▸ INPUT RECORDS
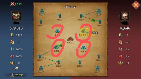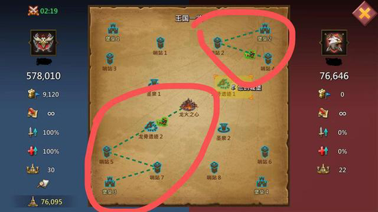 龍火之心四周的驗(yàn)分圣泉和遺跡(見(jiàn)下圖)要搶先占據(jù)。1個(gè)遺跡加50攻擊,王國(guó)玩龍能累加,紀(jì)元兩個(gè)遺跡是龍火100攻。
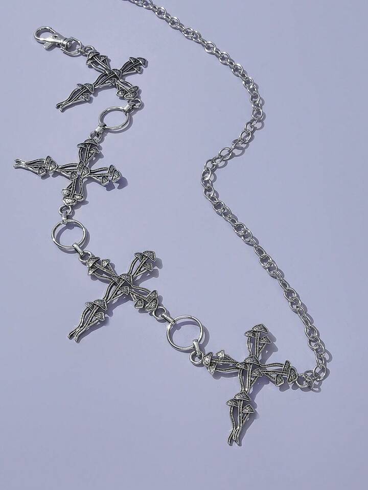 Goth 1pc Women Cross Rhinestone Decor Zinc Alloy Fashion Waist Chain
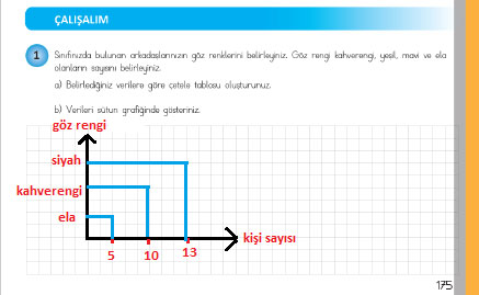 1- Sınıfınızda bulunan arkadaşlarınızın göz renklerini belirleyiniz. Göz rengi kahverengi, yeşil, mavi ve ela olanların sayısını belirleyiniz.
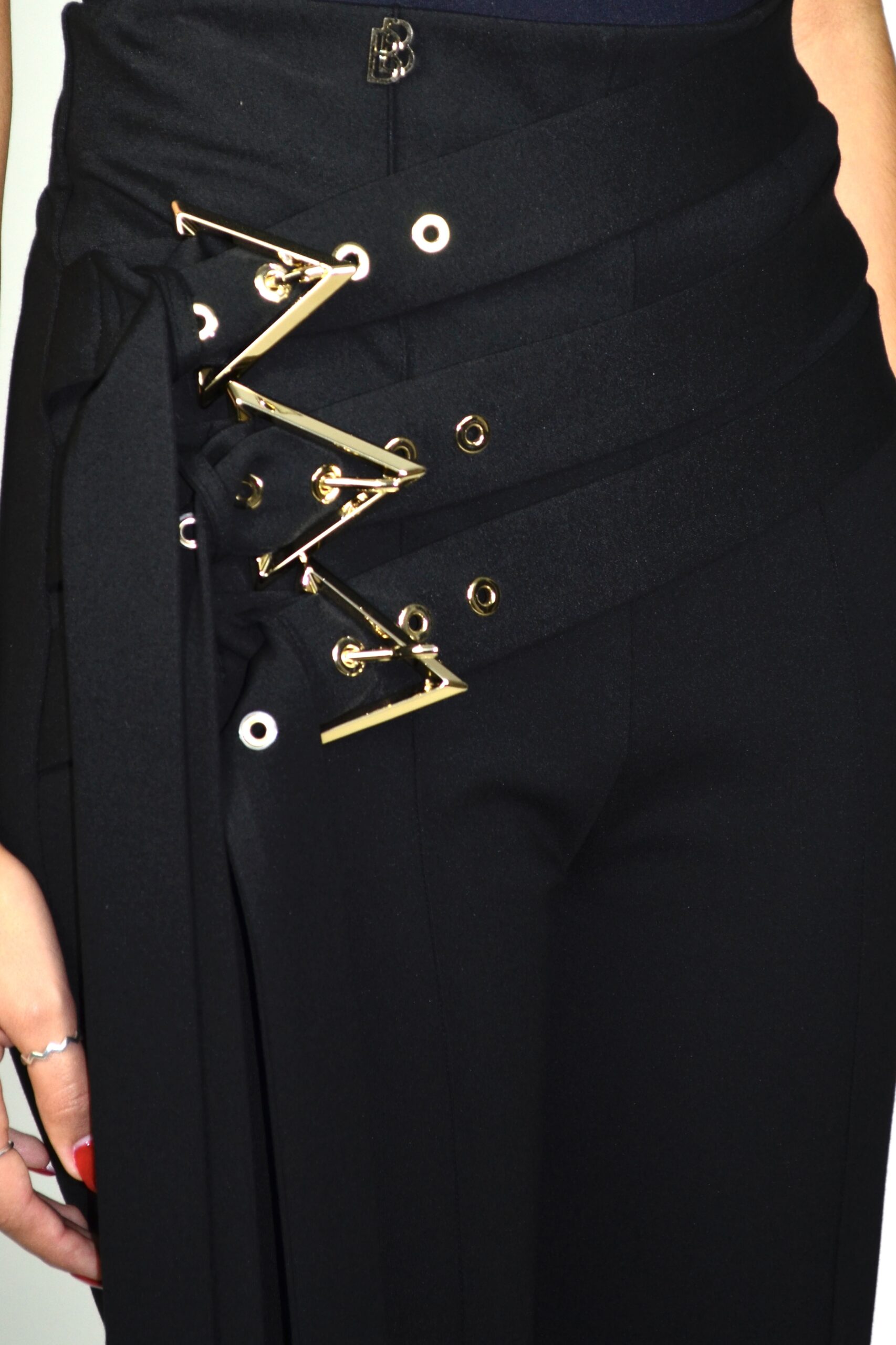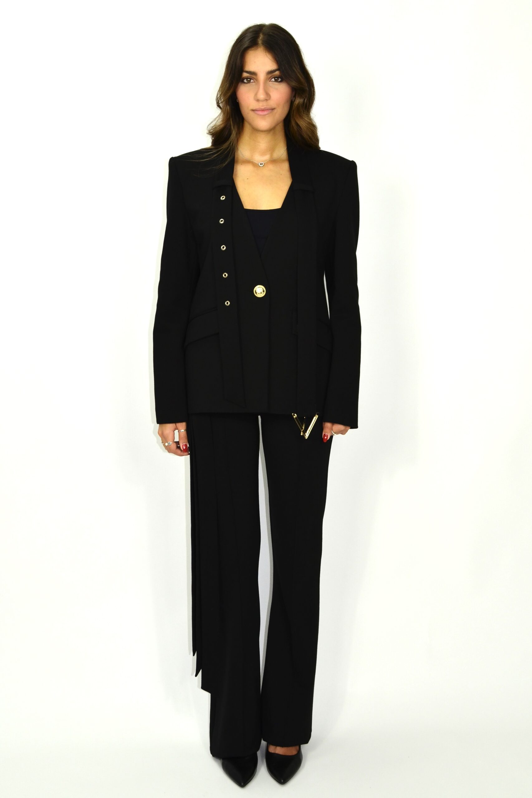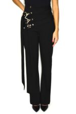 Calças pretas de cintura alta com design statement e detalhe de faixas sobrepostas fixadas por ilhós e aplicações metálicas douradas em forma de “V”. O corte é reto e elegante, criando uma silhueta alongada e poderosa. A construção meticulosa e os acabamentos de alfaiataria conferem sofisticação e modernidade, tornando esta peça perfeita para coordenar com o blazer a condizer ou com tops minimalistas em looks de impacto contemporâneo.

--

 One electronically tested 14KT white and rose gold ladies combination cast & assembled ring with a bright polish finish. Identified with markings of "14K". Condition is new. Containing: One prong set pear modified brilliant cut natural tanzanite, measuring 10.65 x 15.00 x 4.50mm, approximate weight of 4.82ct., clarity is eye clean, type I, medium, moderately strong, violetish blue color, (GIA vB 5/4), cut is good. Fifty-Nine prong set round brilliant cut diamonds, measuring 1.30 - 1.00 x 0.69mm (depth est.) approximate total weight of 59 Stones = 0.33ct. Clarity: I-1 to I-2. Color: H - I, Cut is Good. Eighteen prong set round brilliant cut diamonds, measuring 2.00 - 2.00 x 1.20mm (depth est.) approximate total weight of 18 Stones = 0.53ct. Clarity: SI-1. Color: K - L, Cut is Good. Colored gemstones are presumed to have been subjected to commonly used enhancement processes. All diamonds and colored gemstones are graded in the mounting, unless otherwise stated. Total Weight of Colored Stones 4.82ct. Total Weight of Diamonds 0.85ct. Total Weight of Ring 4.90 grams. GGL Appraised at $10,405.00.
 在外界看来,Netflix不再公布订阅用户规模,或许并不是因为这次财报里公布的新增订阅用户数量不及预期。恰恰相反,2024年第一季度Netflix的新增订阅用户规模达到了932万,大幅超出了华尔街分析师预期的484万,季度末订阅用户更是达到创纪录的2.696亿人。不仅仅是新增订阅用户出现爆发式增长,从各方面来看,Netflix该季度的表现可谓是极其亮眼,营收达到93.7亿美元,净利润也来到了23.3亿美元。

▸ ACTION ITEM
The output is the stretch above from the line with "龍火之心四周的驗(yàn)分" through the line with "Calças pretas de", copied word for word with both ends kept and every picture dropped.

▸ RESPONSE TO THE EXERCISE
 龍火之心四周的驗(yàn)分圣泉和遺跡(見(jiàn)下圖)要搶先占據(jù)。1個(gè)遺跡加50攻擊,王國(guó)玩龍能累加,紀(jì)元兩個(gè)遺跡是龍火100攻。
 Goth 1pc Women Cross Rhinestone Decor Zinc Alloy Fashion Waist Chain
 1- Sınıfınızda bulunan arkadaşlarınızın göz renklerini belirleyiniz. Göz rengi kahverengi, yeşil, mavi ve ela olanların sayısını belirleyiniz.
 Calças pretas de cintura alta com design statement e detalhe de faixas sobrepostas fixadas por ilhós e aplicações metálicas douradas em forma de “V”. O corte é reto e elegante, criando uma silhueta alongada e poderosa. A construção meticulosa e os acabamentos de alfaiataria conferem sofisticação e modernidade, tornando esta peça perfeita para coordenar com o blazer a condizer ou com tops minimalistas em looks de impacto contemporâneo.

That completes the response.